Recent organ preservation solutions, including XT-ViVo (X-therma, Richmond, CA) (51, 52), have achieved FDA clearance with Breakthrough Device Designation due to their remarkable potential to extend preservation duration up to 7 days. These advancements in diminishing the CPA toxicity by using nature-inspired antifreeze molecules hold significant promise for extending the viability of sensitive organs such as heart or VCA before transplantation.

4.4. Lung

Current lung preservation is limited to 8 h at 4°C (93). Extension of this preservation time was shown above zero, at 37°C for 12 h using ex vivo lung perfusion (EVLP) (94), at 10°C for 36 h using SCS in pigs and humans (95), and at 10°C with 4 h cycles of 37°C EVLP for 72 h using a combination of SCS and EVLP in pigs (96). Below zero, Lee et al. (53) analyzed the cooling rate of the different lung tissues since this organ's in vivo composition is 80% of air. They showed a faster cooling rate in the subpleural areas when compared to solid organs. The heat conductivity was found to be lower in the lung du to air insulation. Later, the specific potential of supercooling as a lung preservation method was suggested by Abe et al., showing normal histological appearance in −5°C stored lungs in contrast to lungs stored at 4°C (54). Additionally, lower levels of single-stranded DNA were found. Whilst this study was performed on human lung tissue, no functional assessment was performed after storage. In a rat study, Okamoto et al. (55) compared 17 h storage at −2°C without additional CPAs to SCS at 4°C and fresh controls. Whilst reperfusion only lasted for 60 min, endothelial lining and deterioration of perfusion parameters (tidal volume, oxygen levels, arterial pressure), as well as lower ATP levels, were comparable between the fresh and the supercooled lungs. Another study investigated 72 h storage at 0°C using ethanol as CPA and compared this to storage at 10°C for 24 h and 72 h and fresh controls (56). Whilst the preserved groups showed higher injury levels than fresh controls during the 60-min reperfusion, lung function assessed based on either effluent PO2, peak airway pressure, or mean arterial pulmonary pressure was better in the 0°C group than both 10°C groups. Paradoxically, lung cell structure—based on the percentage of viable cells using the trypan blue exclusion method—was better preserved in the 24 h group compared to both 72 h groups.

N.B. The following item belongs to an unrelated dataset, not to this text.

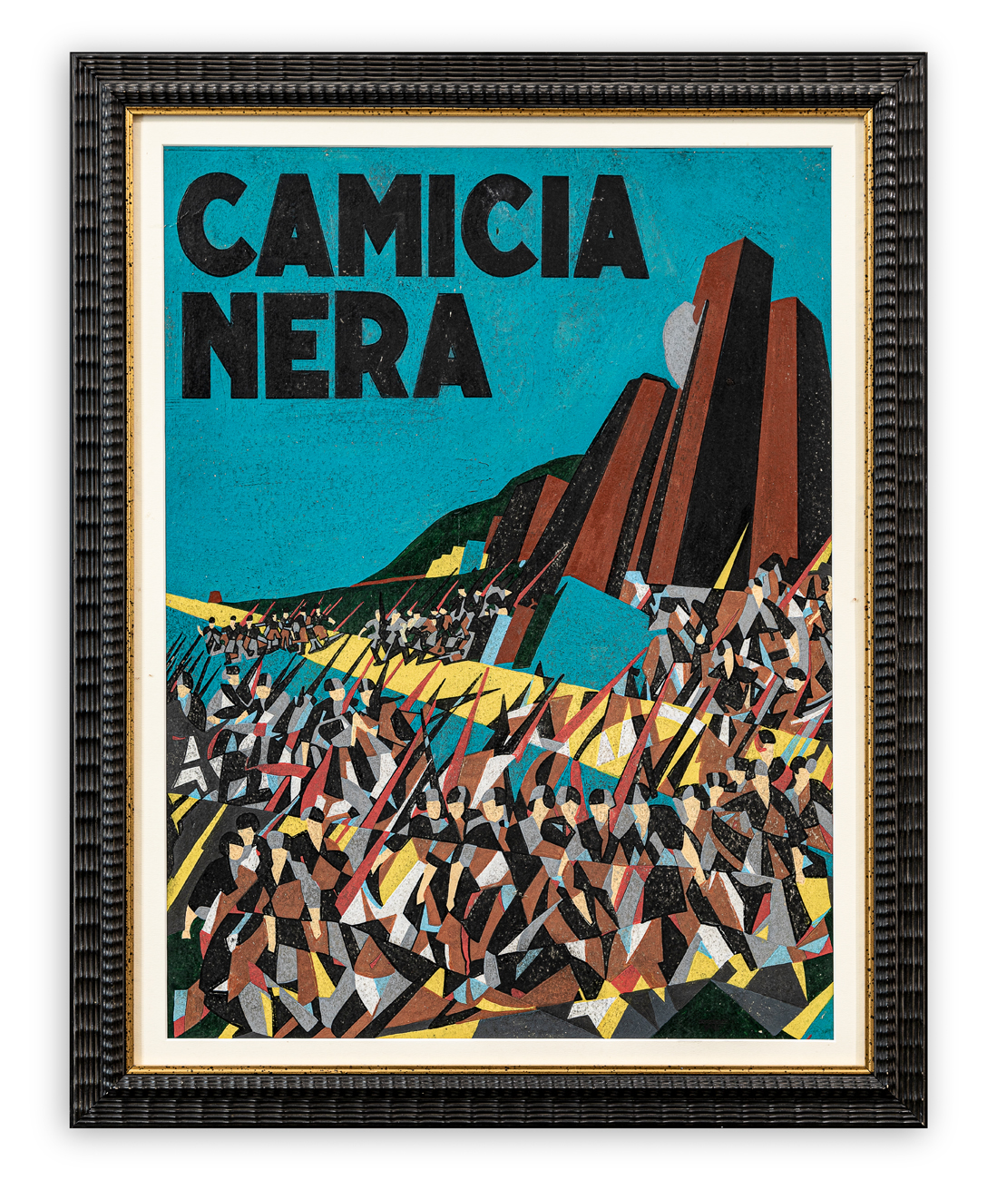 L'opera, una tempera su cartone, rappresenta il bozzetto per un manifesto propagandistico di cui, ad oggi, non si conosce la pubblicazione. Dedicato al Corpo Ausiliario delle Squadre d'Azione delle Camicie Nere, fu realizzato probabilmente su commissione. Esalta il moto della milizia verso un ideale città turrita la cui staticità contrasta col dinamismo sottostante. Notevole il rimando alle forme puntute che ben sintetizzano il messaggio subliminale di forza e volontà di azione (testo tratto dal certificato di archiviazione)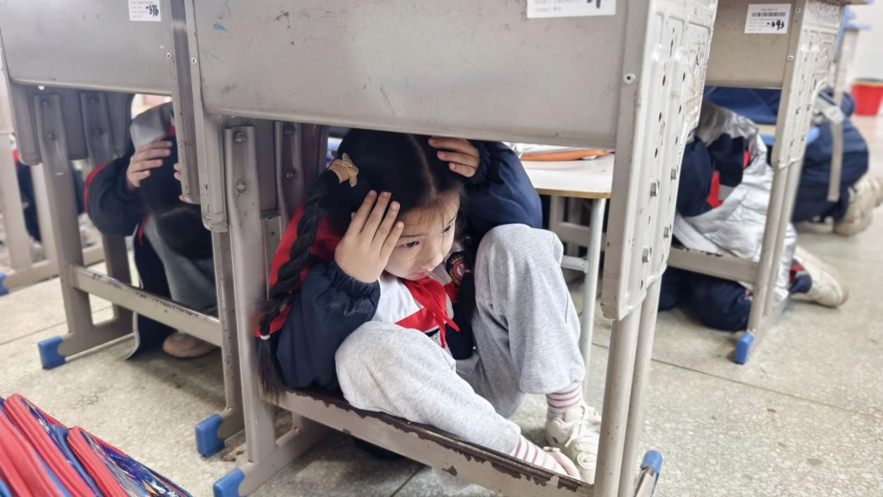 警报声骤然响起,打破校园宁静,教学楼迅速进入“战时状态”。学生们立即蜷身躲入课桌下方,双手稳固护头,完成标准避险动作;教师同步抵达楼道安全岗,守护关键通行节点。随着疏散指令发布,学生在班主任引导下沿预定路线快速有序向操场转移。整个过程无人推挤、无人折返、无人喧哗,只有密集而沉稳的脚步声在走廊回响。到达操场后,各班迅速蹲地待命,班主任逐一清点人数,很快,全员安全集结的消息在晨光中传遍全场。

Besides ATP- and NADPH-related pathways that lead to oxidative stress, cessation of flow has also been shown to activate NADPH oxidase, which in turn generates ROS and activates nitric oxide (NO). This pathway is also known as “mechanotransduction”. Normally, NO causes vasodilation and ROS neovascularization. In lung transplantation, however, overproduction of NO and ROS has been shown to cause oxidative injury and activation of proteins that drive inflammation of cell death (97). As supercooling is a static preservation method, this pathway remains relevant.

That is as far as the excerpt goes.